Pokolenie Z. Czego od rynku pracy chcą najmłodsi pracownicy?
2017-11-02 11:39
Czego od rynku pracy chcą najmłodsi pracownicy? © contrastwerkstatt - Fotolia.com
Przeczytaj także: Pokolenie Z na rynku pracy: aktywiści czy hedoniści?
W dzisiejszych czasach w szeregach niemal każdej organizacji spotkać możemy niezwykle szeroki przedział wiekowy pracowników. Osoby 50+ pracują ramię w ramię z najmłodszymi uczestnikami rynku pracy, a więc z pokoleniem Z, generacją, która wśród nowych technologii czuje się jak ryba w wodzie. Firma ATERIMA HR postanowiła przyjrzeć się, jak funkcjonuje zawodowo to najmłodsze pokolenie.Pokolenie Z było do tej pory bardzo różnie definiowane:
- część specjalistów określa je jako urodzone w 1990 r. i później,
- inni twierdzą, że to ci urodzeni w latach 1993-2012,
- jeszcze inni, że są to osoby urodzone po 1995, a nawet po 2000.
– Pokolenie Z to cenny kapitał na początek współpracy – tłumaczy dr Anna Dolot, autorka raportu. – Jednak to pracodawca ma znaczący wpływ na to, jak go ukierunkuje.
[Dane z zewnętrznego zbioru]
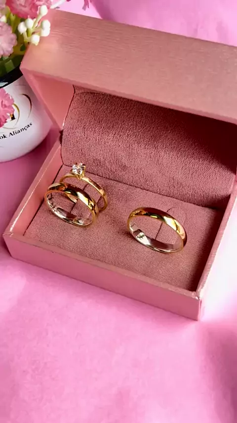 Par Alianças 6mm Casamento chanfrada + Anel Solit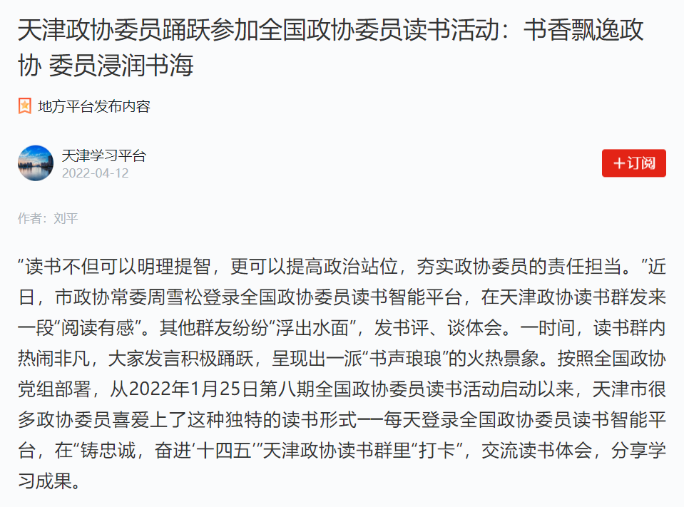 学习强国——天津政协委员踊跃参加全国政协委员读书活动:书香飘逸政协 委员浸润书海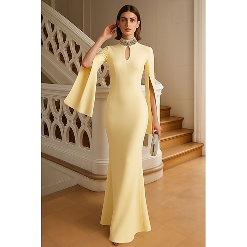 Sirena Tromba Lunghezza al pavimento Abito da invitata a nozze Abito Formale Abito da sera Abito da cerimonia per signora Mezza Manica Girocollo Collo Alto Elegante Formale Ospite di nozze Riunione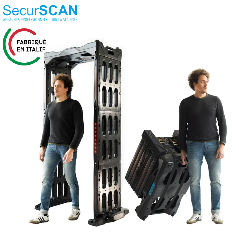 El pórtico de seguridad SecurSCAN S-MOBILE es la solución para un control de seguridad móvil de las personas durante sus eventos. El SMOBILE está fabricado en Italia, se instala y se desmonta en 5 minutos. También es muy fácilmente transportable gracias a su carrito integrado. Es robusto gracias a su estructura de Acrilonitrilo Butadieno Estireno de alta resistencia. Movilidad y robustez lo convierten en la solución de seguridad perfecta para sus eventos de gran afluencia, como conciertos o manifestaciones deportivas. Detecta en 6 zonas según 300 niveles de sensibilidad y pesa 47 kg. Autonomía de las baterías: 20h.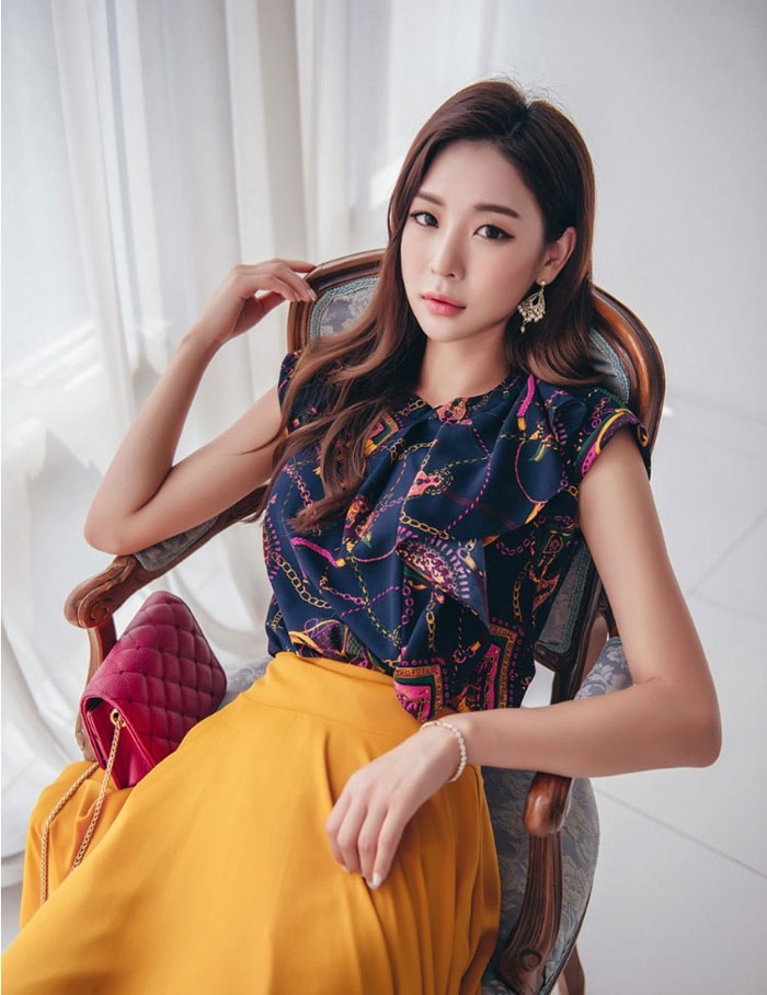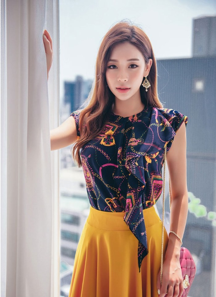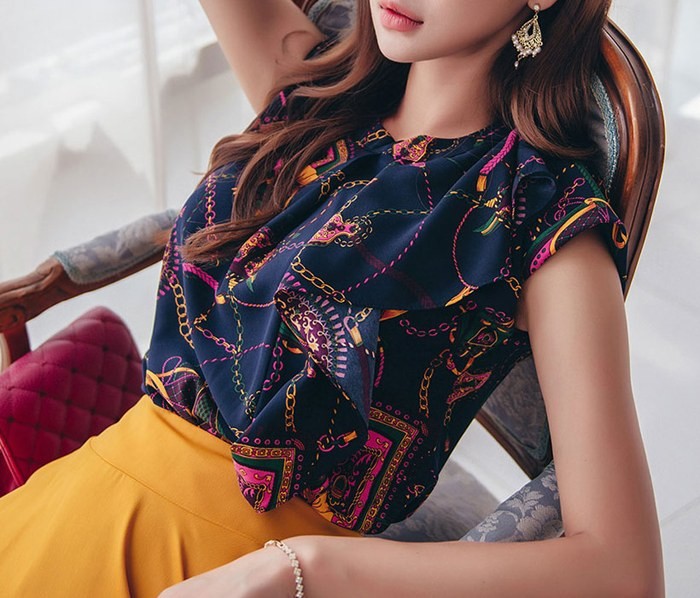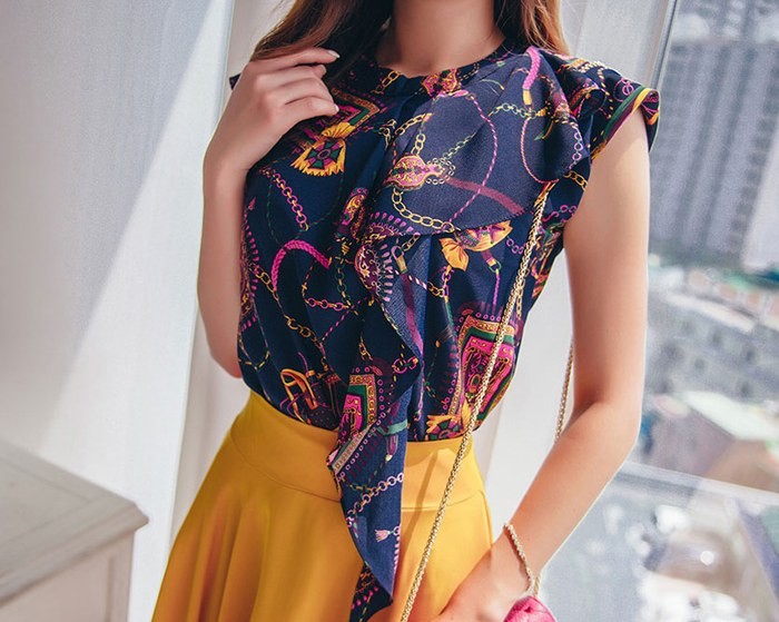 商品名:ブラウス プルオーバー 柄 ノースリーブ

Wydobędzie z niego otwartość, energię i pomysłowość czy zbuduje mur zasłaniając się cyfrowym niedopasowaniem?
Okazuje się, że niestałość młodego pokolenia to mit. Niemal 40% badanych przyznało, że mogłoby przepracować w jednej firmie nawet całe życie, gdyby praca była atrakcyjna.
fot. mat. prasowe
Czynniki, skłaniające reprezentantów młodego pokolenia do aplikowania do danej organizacji
Co zatem sprawia, że miejsce pracy jest dla młodych interesujące? Przywiązują wagę do wynagrodzenia (91%), ale też do innych czynników, które pracodawcę kosztują już zdecydowanie mniej. Są to atmosfera w pracy (93%), przełożony, który dzieli się wiedzą i doświadczeniem (87%) czy rozwój przez udział w ciekawych projektach, które stanowią wyzwanie (79%) czy elastyczne godziny (79%).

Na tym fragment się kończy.